Kumluca’nın içme suyu meselesi artık ötelenemez bir hale geldi. Her yıl benzer şikâyetler, aynı tepkiler ve birbirine benzeyen geçici müdahaleler… Oysa ortada geçici çözümlerle kapatılamayacak kadar derin ve yapısal bir sorun var: Kumluca’nın içme suyu altyapısı miadını doldurdu.
İçme suyu hattında yaşanan arızalar, boru patlamaları, su kesintileri artık sıradan haber haline geldi. Ancak bu sıradanlaşmanın arkasında, sıradan olmayan bir kayıp yatıyor. Çünkü bu sadece bir altyapı problemi değil, aynı zamanda bir çevre, ekonomi ve halk sağlığı sorunudur.
Yıllardır yapılan “nokta tamirler” sadece günü kurtarıyor. Ancak her onarılan noktanın birkaç hafta sonra tekrar arızalanması, sistemin topyekûn iflas ettiğini gösteriyor. Artık herkesin kabul ettiği bir gerçek var: Kumluca’nın içme suyu hattı baştan sona yenilenmelidir.
Kayıp-kaçak oranları ürkütücü boyutlara ulaşmış durumda. Yerin altına sızan tonlarca içilebilir su, hem belediyenin kaynaklarını tüketiyor hem de doğaya zarar veriyor. Bu kayıplar, küresel ısınmanın yarattığı su kriziyle birleşince, ortaya sadece bir yerel sorun değil, küresel sorumluluk da çıkıyor.
Bir yandan kuraklık tehdidi, diğer yandan boşa akan kaynak suyu… Böyle bir tabloyu ne vicdan, ne ekonomi, ne de doğa kaldırabilir.
Kumluca, Antalya’nın en kaliteli doğal kaynak sularından birine sahip. Toroslar’dan gelen, içme kalitesinde, masrafsız bir su… Ama bu su, paslı, yorgun, sızıntılarla dolu borulardan geçerken hem kirleniyor hem de büyük oranda ziyan oluyor.
Halkımız evde tasarrufla uğraşırken, yer altında tonlarca su kaybediliyor.
Buradan açık bir çağrı yapmak gerekiyor:
Antalya Büyükşehir Belediyesi bu soruna daha fazla kulak tıkamamalıdır.
Sadece asfalt, kaldırım, otobüs değil; su da bir medeniyet ölçüsüdür.
İlçemizin su altyapısı adeta kan kaybediyor.

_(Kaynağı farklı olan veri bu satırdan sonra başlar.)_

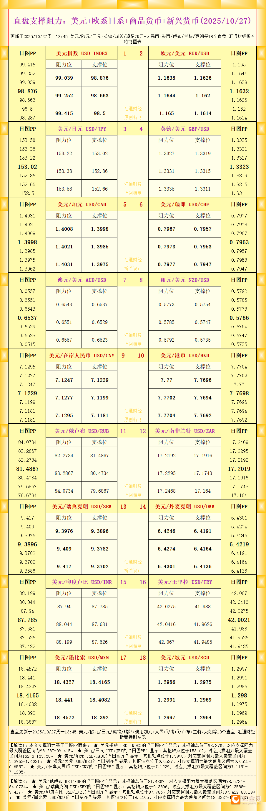 【图:黄金原油外汇股指枢轴点及多空持仓信号解读,来源:汇通财经特制图表。(点击图片放大看大图)】

Bu çağda hâlâ arıza nedeniyle günlerce susuz kalan mahallelerimiz var.
Böylesine kaliteli bir su kaynağını kayıplarla heba etmek, bir nevi ihanettir.
Artık günü kurtaran yamalar değil, geleceği inşa eden projeler lazım.
Kumluca halkı çözüm bekliyor; pansuman değil, neşter istiyor.
Ve unutulmamalıdır ki; su hayattır. Su altyapısı ise bu hayatın damarıdır.
Damara atılan her geçici dikiş, gün gelir tüm vücudu çökertir.